Rookie running backs on the decline
Posted Jul. 18 at 03:08 PM
Justin Eleff has the nice feature in the magazine (it starts on page 40). He came up with the theory that rookie running backs now don’t tend to be as productive as in the past.
It’s a nice theory, and Justin deserves almost all of the credit. He did almost all of the work on that feature. I was busy with other stuff; I contributed the one little chart you see on the first page, but that was put together after he’d written the article – it’s not even mentioned in the text.
On this issue, however, I wanted to do some additional research. I wanted to push around the numbers for myself and see how it holds up. I was working on a similar type of topic for a mailbag question yesterday, so I expanded that and spent a couple of hours on it this morning.
I had the list of all top-20 backs from the last 20 years in front of me, so I compiled where all of those backs came from. How many were rookies? How many were in their second year? That kind of thing.
The findings support the Eleff theory.
In the last 10 years, only five rookie running backs have been top-10 backs. That’s less than half as many as the previous 10 years, when there were 12.
If you want to look at top-20 backs rather than top-10, then the numbers are 24 and 13.
What’s going on here?
Were backs in the ‘90s simply better on average? Possible, but probably not.
Pass protection, I think, seems to be more of an issue now than it was in the past. If a running back can’t learning the blocking assignments, that can keep him off the field. That could be a contributing factor to more players not “breaking out” until their second or third years.
Expanding on the pass protection idea, I thinking the demise of the fullback is related. Far more teams are using one back rather than two, and that means that one back has to block more often. Maybe in the ‘80s and ‘90s, when there was a sturdy veteran fullback in there, it was easier for teams to get by with tailbacks who were limited as blockers.
Some of the numbers appear below. For a prettier version, see the Facebook page.
Note that for the 2002-2011 time chunk (versus the previous 10 years), more of the top-10 backs were players in their second and third years.

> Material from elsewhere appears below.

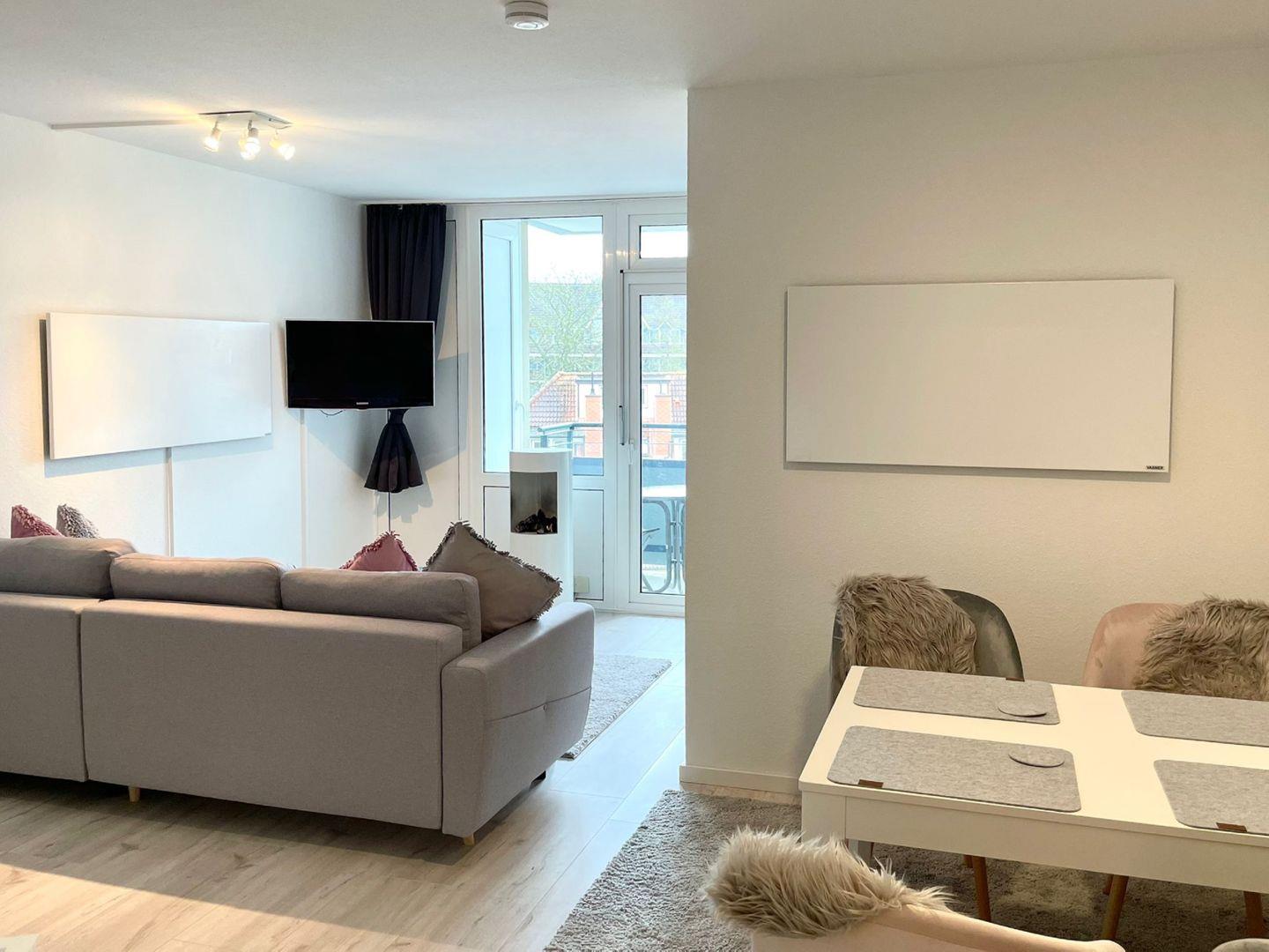 Für Deinen Komfort stehen in der Ferienwohnung zwei Fernseher (Schlafbereich und Wohnbereich), kostenloses WLAN (ideal für Homeoffice oder Streaming), Waschmaschine zur Eigennutzung, Wäscheständer, Staubsauger, Bügelbrett und Bügeleisen zur Verfügung. Moderne Annehmlichkeiten wie Zentralheizung, Kaminofen (Ethanol) für gemütliche Stunden in der kühleren Jahreszeit sowie ein Ganzkörperspiegel, Kosmetikspiegel und Haartrockner im Badezimmer sind ebenfalls vorhanden.

TOP-10 RUNNING BACKS, 1992-2001
No RB (experience)
12 1st-year RBs
9 2nd-year RBs
15 3rd-year RBs
16 4th-year RBs
16 5th-year RBs
13 6th-year RBs
7 7th-year RBs
4 8th-year RBs
4 9th-year RBs
4 10th+ year RBs
TOP-10 RUNNING BACKS, 2002-2011
No RB (experience)
5 1st-year RBs
13 2nd-year RBs
21 3rd-year RBs
10 4th-year RBs
15 5th-year RBs
15 6th-year RBs
8 7th-year RBs
5 8th-year RBs
4 9th-year RBs
4 10th-year RBs
If anybody else has any theories on these numbers, I will be happy to hear them.
Posted by L DALE GANDER | Jul. 18 at 06:03 PM
I think RB contracts compared to other positions tell you what you need to know. Supply is far greater than demand. Most teams have a "good enough" RB and have bigger needs at other positions harder to fill. Rookie RBs get starting jobs in two ways: 1) The best prospects are drafted by bad teams (a fantasy crapshoot), or 2) Someone gets hurt and they are thrust into the spotlight. Very rarely does a good team draft a rookie and throw him in the lineup because usually good teams have bigger needs. RB is quite frankly a "warm body" position in today's NFL. Rookie RBs, therefore, have a lot of competition - fewer are drafted, fewer are able to beat out vets in the passing game, and few are significantly more talented than the RBs already there.
Posted by david erickson | Jul. 19 at 09:04 PM
To expand yet again on the emphasis on the passing game is that few teams feature strong "run" offensive lines in today's NFL, which I think contributes to why runningback injuries are so prevalent. The teams who are generally strong "run" teams are usually conservative defensive-minded organizations which would almost-never trust a rookie runningback to lead their team. Additionally, players once known as 3rd-down backs are now being used more often on various downs to mix up defenses; another factor that takes runs away from feature backs.